Effects of different fertilization patterns on soil improvement and vegetation restoration of desertified grassland in northwest Liaoning Province, China

doi:10.13287/j.1001-9332.202401.016

Abstract

Abstract: Improving soil fertility is one of the key approaches for ecological restoration of the wind-sand area in northwest Liaoning Province. Taking wind-sand area in northwest Liaoning Province as test object, we conducted a fertilization experiment with treatments of inorganic fertilizer (nitrogen, phosphorus and potassium fertilizers), organic fertilizer, combined application of organic and inorganic fertilizers, and organic fertilizer combined with a biologically organic matrix (γ-polyglutamic acid), and no fertilizer as control. We measured soil organic matter content and extractable cations concentrations, vegetation coverage, and biomass under different fertilization treatments and determine the suitable fertilization mode. The results showed that compared to the control, inorganic fertilizer rapidly increased vegetation coverage and biomass, but high levels of inorganic fertilizer (150 kg N·hm^-2) led to soil acidification and Ca²⁺ leaching. Organic fertilizer increased soil organic matter content, exchangeable K⁺, Ca²⁺, and Mg²⁺ contents, as well as coverage and biomass vegetation, especially combined with γ-polyglutamic acid. Overall, the combination of low levels of inorganic fertilizer (50 kg N·hm^-2) and moderate levels of organic fertilizer (30000 kg·hm^-2) was the best fertilization practice for the rapid and stable restoration of grassland in wind-sand area. Moreover, the extra addition of γ-polyglutamic acid (60 kg·hm^-2)could effectively improve soil fertility.

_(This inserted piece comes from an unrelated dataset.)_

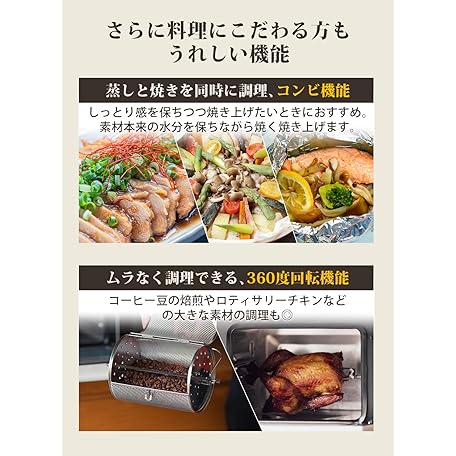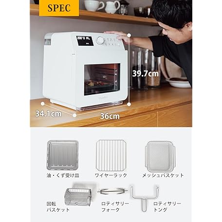 • Steam Non Fryer, Finom Household Non-Fry Oven, Rebake, Convection Oven, Air Fryer, Electric Fryer, Rotisserie, Steamed, Grilled, Frying, Large Capacity, 3 - 5 Servings, 3.1 gal (15 L),

Key words: desertified grassland, organic fertilizer, polyglutamic acid, vegetation restoration, soil improvement

ZHANG Xiuying, CAI Jiangping, WANG Cong, JIANG Zhiyang, LI Hui, WANG Zhengwen, JIANG Yong, ZHANG Yuge. Effects of different fertilization patterns on soil improvement and vegetation restoration of desertified grassland in northwest Liaoning Province, China[J]. Chinese Journal of Applied Ecology, 2024, 35(1): 55-61.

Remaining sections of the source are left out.